Había que leer la reciente novelina de García Márquez. La difusión de su texto con título impronunciable desde cierto sentido del decoro y del respeto para aquellas que practican la “profesión más antigua del mundo” (periódicos extranjeros nos informaron que hubo que reprogramar los ordenadores para que no rechazaran la palabra “puta”), me empujó, indefectiblemente, al consumo. Y también ese malhadado prurito de “estar al día” que muchas veces me hace tragar pesadas piedras de molino.

Lo cierto es que Memoria de mis putas tristes permite reencontrar muchos de los rasgos estilísticos dominantes del autor que nos deslumbrara con su estallido imaginativo y su metaforización histórica y política sobre Latinoamérica, allá, a finales de los setenta. Pero jamás la lectura de una novela puede sostenerse exclusivamente en la admiración de los recursos literarios. El lenguaje nos lleva a los significados, abre el campo de la interpretación y del sentido. Situada allí, hoy, esta obra me provoca desagrado e indignación.
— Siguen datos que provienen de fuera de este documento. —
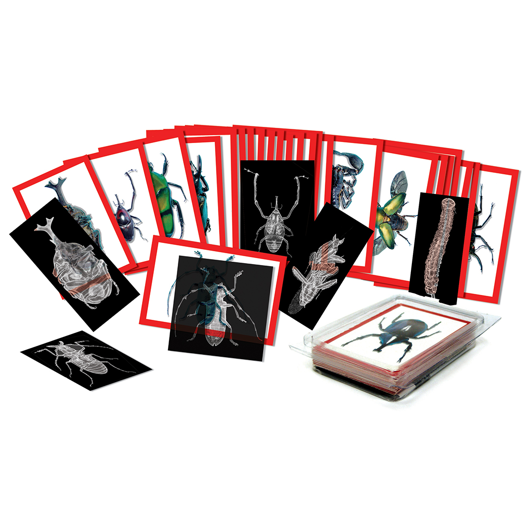 Har dit barn elsket biller og insekter siden det første øjekast på en mariehøne eller edderkop? Og har du skulle svare på, om der er ægte guld på en guldsmed og hvor højt op i himlen mariehønen flyver, når den beder om godt vejr. Med disse 36 seje røntgenbilleder af insekter kan lærere eller forældre gøre børnene klogere på insekterne på en ny og sjov måde. Små entomologer kan studere insekternes anatomi og samtidig lære om, hvor sejt røntgen er til at vise organismers struktur og opbygning. Det kan give gode snakke om, både hvad røntgen egentlig er for noget og hvordan man kan genkende insekterne fra hinanden. Brug røntgenbillederne af insekter i biologiundervisningen til at snakke om dyrenes anatomi og hvilke fordele og ulemper, deres krop giver dyret. Eller køb røntgenbillederne til hjemmebrug, hvor du kan stimulere dit barns nysgerrighed og interesse for dyrene og naturen. Ægte røntgenbillederPrintet på holdbart plast36 røntgenbilleder af forskellige insekter36 matchende billeder Kan bruges med lysboks/lysbord, overhead eller blot holdes op mod vinduet

La historia del personaje que decide celebrar sus noventa años regalándose “una noche de amor loco con una adolescente virgen” ubica la ficción en el territorio que mayores hipocresías sociales ha promovido: el de la prostitución. Y en otro de más serias connotaciones éticas: el de la pedofilia. Porque encuentra su objetivo en un burdel y con una niña de catorce años. El solitario “amador” que “nunca se ha acostado con ninguna mujer sin pagarle”, que ha utilizado para los mismos fines a su fiel empleada doméstica durante toda una vida, lleva un registro minucioso de sus incursiones en barrios de tolerancia y ya en la senectud, siente renacer el ímpetu de la rijosidad al punto de concebir el capricho por una chiquilla.

La ficción no excusa el poder simbolizante de la palabra. El que se trate de un argumento inventado al calor del humor y la ironía caribeños, no nos distancia de la tragedia de ser mujer, de ser pobre y de ser explotada en la telaraña del inframundo latinoamericano. En ese corte ubica el “gran” García Márquez su argumento haciendo gala de la impunidad masculina para llevar adelante sus deseos, en ambientes y circunstancias donde siempre hay una mujer comprable.

La visión de Sor Juana Inés, que en el siglo XVII fue audaz cuando proclamó que tiene mayor culpa “el que peca por la paga/ que quien paga por pecar” resulta ingenua, enfrentada al diagnóstico agudo de nuestros días, de ser todos víctimas de una “violencia simbólica” que se enseñorea de nuestras mentes cuando “los esquemas que el dominado pone en práctica para percibirse y apreciarse o para percibir y apreciar a los dominadores son el producto de las asimilaciones de la que su ser social es producto”, como nos enseña el francés Pierre Bourdieu. En palabras más sencillas, hace violencia contra las mujeres toda una sociedad que le ha entregado al varón las decisiones de seducir, manipular, promocionar, mantener, comprar, al sector femenino del mundo. Y se hacen violencia contra sí mismas las mujeres que se quedan pasivas frente a estas realidades.

El erotismo es una de las riquezas del ser humano. Pero planteado como un voyeurismo invasor sobre el cuerpo de una adolescente, huele y sabe a violencia por mucho que el protagonista de la mentada novela no pase de contemplar a una durmiente.